This research project aims at providing the North Carolina Department of Transportation with a computational tool for predicting freeway lane change intensity near interchange influence areas (IIAs). The intent was to use data that are readily available to traffic engineers and analysts in the state to generate those predictions. The proposed model estimates the total number of lane changes on a freeway segment using two different sub-models, one that assumes knowledge of the number of the mandatory or minimum number of lane changes (MinLaneChanges), and a second model that does not. The first model is applicable to existing interchange areas where ramp volumes are known, while the second can be used for new interchange analyses at the planning stage. Data needed to develop the prediction tool included both geometric and traffic stream variables. A total of fifteen sites in North Carolina were videotaped using a combination of ground based and drone fitted cameras. Lane changes were tracked using video tracking software in 5 minute time intervals, subsequently expanded to hourly rates.

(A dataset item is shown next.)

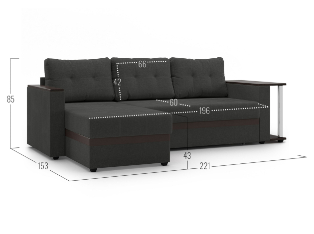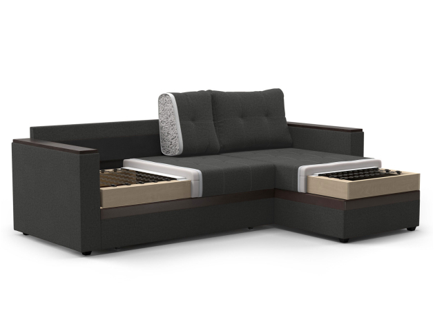 Угловой диван Атлантик — практичная модель для отдыха и ежедневного сна. Плотные удобные подушки позволяют комфортно устроиться на диване, отрегулировав глубину посадки. Благодаря съемным чехлам за ними очень просто ухаживать. Подлокотники с накладками можно использовать для пульта, смартфона и других мелочей.

Overall, the average observed number of lane changes across all sites and time intervals was 1,373 lane changes/hour (lc/h). The range of the response variable for the first model with known MinLaneChanges varied from a low of 251 to a high of 3,798 lc/h, and for the second model absent MinLaneChanges from 343 to 3,816 lc/h. Generally speaking, low rates of lane changes were associated with low values of MinLaneChanges, short segment lengths, low vehicle miles of travel (VMT) and low average speed. The first explanatory variable in the tree absent MinLaneChanges was the actual segment length, with longer segments generating higher lane change rates. Interestingly, we found from the first model, that when MinLaneChanges fell below 450 lc/h, the total lane changes per hour were only about 22% of those occurring when MinLaneChanges exceeded 450 lc/h. Furthermore our observations of the data indicated that lane change frequency decreased as the level of congestion increased. The two models have been implemented in a prototype web-based tool, which includes a computational engine, along with a user guide and an input variables calculator. Further work on testing and validating the web tool will resume when physical access to the NC State University campus facilities is permitted.
In addition, the research team tested a proposed geometric treatment that was intended to reduce lane change frequency at the I-40EB weaving segment between Harrison Blvd. and Wade Avenue. The testing methodology was microsimulation using the VISSIM microsimulation model. The model was calibrated based on observed Origin Destination (OD) flow distributions and OD travel times measured from field Bluetooth units at the site. Key findings from this analysis revealed that the treatment generated total travel time saving of 16.2 veh-hours per clock hour, which is applicable to two hours in the PM peak on a typical weekday. The treatment did reduce the simulated overall lane change frequency by a significant 22%.